The `release` column is a string data type when it should be an integer.

#### 6.A Figure out what value(s) are causing the `release` column to be encoded as a string instead of an integer.

In [30]:
df['Year of Release'].unique()

array([1982.,    0., 1981., 1980., 1975., 2000., 2002., 1992., 1985.,
       1993., 1976., 1995., 1979., 1984., 1977., 1990., 1986., 1974.,
       2014., 1987., 1973., 2001., 1989., 1997., 1971., 1972., 1994.,
       1970., 1966., 1965., 1983., 1955., 1978., 1969., 1999., 1968.,
       1988., 1962., 2007., 1967., 1958., 1071., 1996., 1991., 2005.,
       2011., 2004., 2012., 2003., 1998., 2008., 1964., 2013., 2006.,
       1963., 1961.])

#### 6.B Look at the rows in which there is incorrect data in the `release` column.

In [31]:
# your answer here
df[df['Year of Release']=='SONGFACTS.COM']

Unnamed: 0,Song Names,Artist Names,Year of Release,Title&Artist,Top Charts,Year,# of Plays,Plays in Year


#### 6.C. Clean up the data. Normally we may replace the offending data with null np.nan values, however we previously converted all of the nan values in the release column to zeros so we might as well continue with the same practice. Replacing with 0 (or nan) will allow us to convert the column to numeric.

In [32]:
df.loc[df['Year of Release']=='SONGFACTS.COM','Year of Release']= np.nan
df['Year of Release']=df['Year of Release'].apply(lambda x: float(x))

**Note:** Year can also be considered a descriptive value and therefore it also makes sense for a Year column to be an object.  
However, just like in this situation, using conversion to numerics is a great way of identifying improper values in a year column.

### 7. Get summary statistics for the `release` column using the `.describe()` function.

Now that the `release` column is finally a numeric data type, we can apply the `.describe()` function.  

#### 7.A Print out the summary stats for the `release` column. What is the earliest and latest release date?

In [35]:
df.describe()

Unnamed: 0,Year of Release,Top Charts,Year,# of Plays,Plays in Year
count,2230.0,2230.0,2230.0,2230.0,2230.0
mean,1465.33139,1.0,0.741256,16.872646,15.04843
std,867.196161,0.0,0.438043,25.302972,25.288366
min,0.0,1.0,0.0,0.0,0.0
25%,0.0,1.0,0.0,1.0,0.0
50%,1973.0,1.0,1.0,4.0,3.0
75%,1981.0,1.0,1.0,21.0,18.0
max,2014.0,1.0,1.0,142.0,142.0


#### 7.B Based on the summary statistics, is there anything else wrong with the `release` column? 

In [36]:
# your answer here

_Looking at the DataFrame that contains the year 1071, we can see that the year was probably corrupted and should be replaced with something else if possible._

### 8. Make changes and investigate using custom functions with `.apply()`.

Let's say we want to traverse every single row in our data set and apply a function to that row.

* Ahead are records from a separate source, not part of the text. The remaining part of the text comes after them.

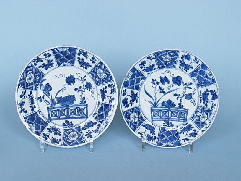 2 borden met decor van wilg, pioenroos, rots en hek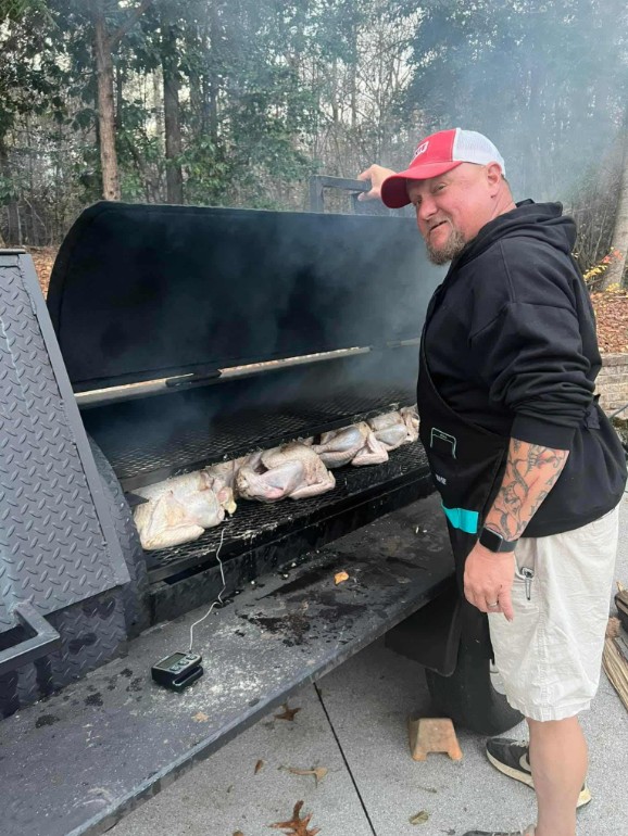 Eric Holbrooks, the “Turkey Man of Clarkesville,” pauses beside the two smokers that will cook the 35 birds served at this year’s Clarkesville Community Thanksgiving. (Photo: Clarksville Community Thanksgiving)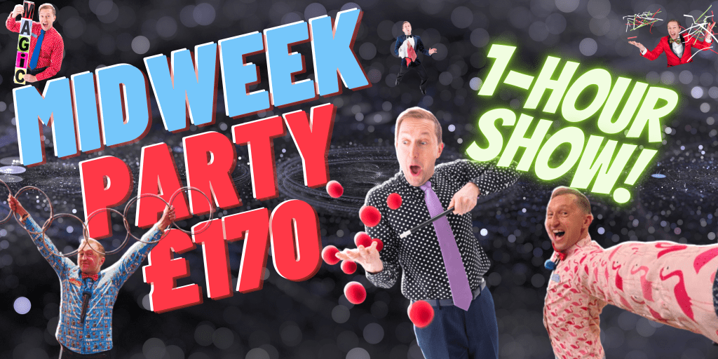 When I started doing children’s parties as an entertainer, I put a magic show together and then thought “I’ll make everyone balloons in the second half.” 30 happy laughing children in the first half became less and less so as they waited and started to get frustrated. Even with lots of jokes along the way, after 5 minutes, children get bored watching an entertainer making balloons and start to get frustrated that they haven’t got their balloon, then they may complain about the colour, the one they got, then comes the popping and crying.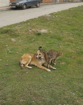 Yoldan geçen vatandaşlar kedi ve köpeğin dostluğunu fotoğraflayarak ölümsüzleştiriyor.

#### 8.A Write a function that will take a row of a DataFrame and print out the song, artist, and whether or not the release date is < 1970.


In [37]:
def organized(cell):
    print(cell['Song Names'], cell['Artist Names'],'<1970?',cell["Year of Release"]<1970)
    
    

#### 8.B Using the `.apply()` function, apply the function you wrote to the first four rows of the DataFrame.

You will need to tell the `apply` function to operate row by row. Setting the keyword argument as `axis=1` indicates that the function should be applied to each row individually.

In [38]:
df.head(4).apply(organized, axis=1)

Caught Up in You .38 Special <1970? False
Fantasy Girl .38 Special <1970? True
Hold On Loosely .38 Special <1970? False
Rockin' Into the Night .38 Special <1970? False


0    None
1    None
2    None
3    None
dtype: object

You'll notice that there will be a final output Series of `None` values. The `.apply()` function, if a return value is not specified, will return a Series of `None` values (similar to how the default return for Python functions is `None` when a return statement is not specified).